The absence of GFAP and vimentin attenuates RD-induced reactive gliosis and, subsequently, limits photoreceptor degeneration. Results of this study indicate that reactive retinal glial cells contribute critically to retinal damage induced by RD and provide a new avenue for limiting photoreceptor degeneration associated with RD and other retinal diseases or damage.
表征缺乏胶质纤维酸性蛋白(GFAP)和波形蛋白(GFAP-/-Vim-/-)的小鼠视网膜胶质细胞(星形胶质细胞和穆勒细胞)对视网膜损伤的反应,并确定胶质细胞在视网膜脱离(RD)诱导的光感受器变性中的作用。

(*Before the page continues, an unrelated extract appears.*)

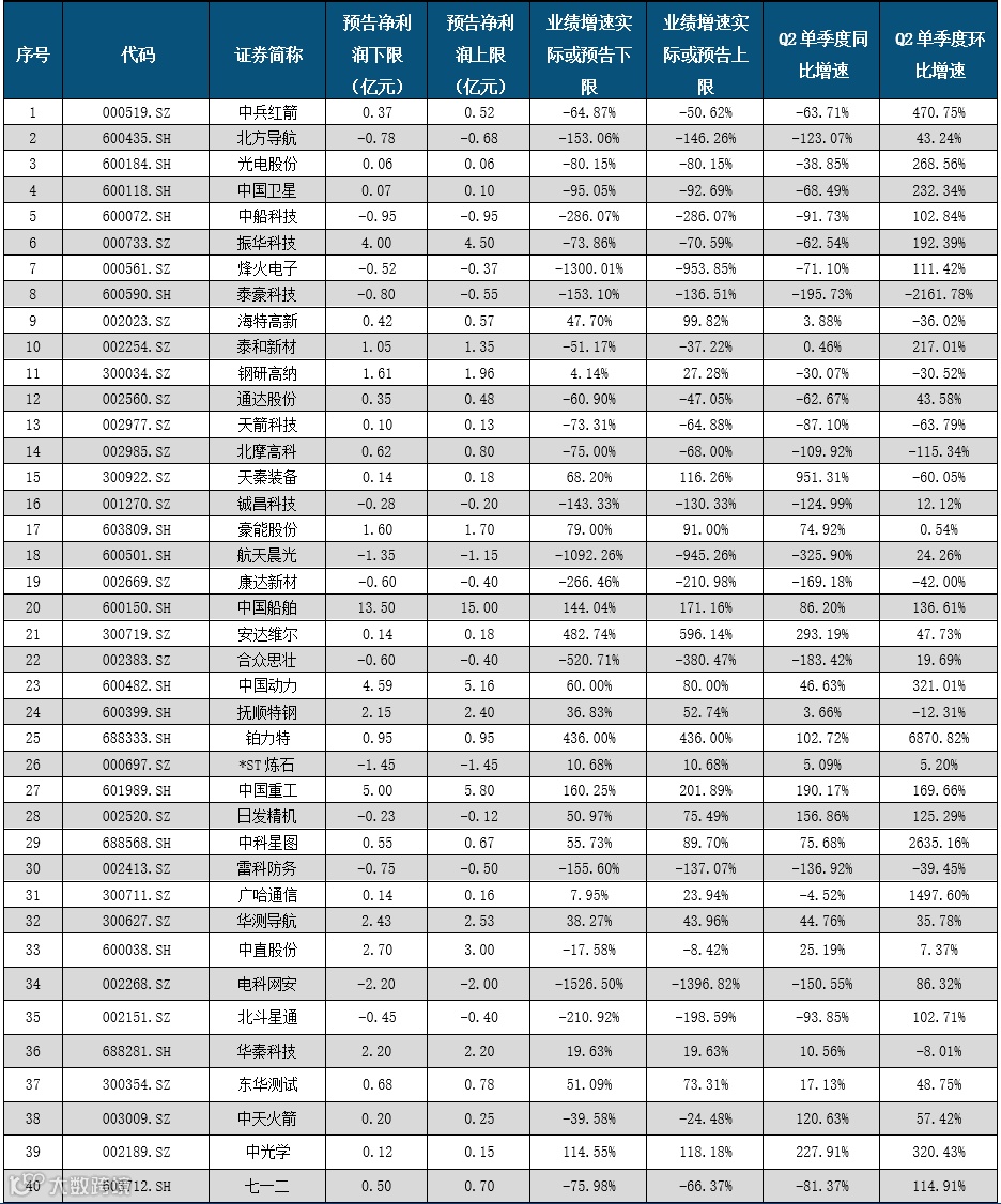 截至7月19日,共计61家企业公布2024年半年报业绩预告,其中35家业绩预减,整体来看,目前发布预告(快报)的上市公司净利润变化中位数下限为-43.58%。但从2024Q2单季度数据来看,相较于Q1环比增速为中位数为24.26%。

通过在成年野生型(WT)和GFAP-/-Vim-/-小鼠的视网膜下注射透明质酸钠诱导RD。通过测量细胞外信号调节激酶(Erk)和c-fos激活、趋化因子单核细胞趋化蛋白(MCP)-1的表达水平以及计数脱离视网膜中的单核细胞/小胶质细胞,对星形胶质细胞反应和随后的单核细胞募集进行定量。使用免疫组织化学、免疫印迹、实时定量聚合酶链反应(PCR)和酶联免疫吸附测定(ELISA)。通过末端脱氧核苷酸转移酶dUTP缺口末端标记(TUNEL)和测量外核层(ONL)厚度评估RD诱导的光感受器变性。
RD诱导的反应性胶质增生,其特征在于WT小鼠中GFAP和波形蛋白上调、Erk和c-fos激活、MCP-1诱导以及单核细胞募集增加。GFAP和波形蛋白的缺失有效减弱了视网膜胶质细胞的反应性反应和单核细胞浸润。结果,与WT小鼠相比,GFAP-/-Vim-/-小鼠的脱离视网膜显示TUNEL阳性光感受器细胞数量显著减少且ONL厚度增加。
GFAP和波形蛋白的缺失减弱了RD诱导的反应性胶质增生,随后限制了光感受器变性。本研究结果表明,反应性视网膜胶质细胞对RD诱导的视网膜损伤起关键作用,并为限制与RD和其他视网膜疾病或损伤相关的光感受器变性提供了新途径。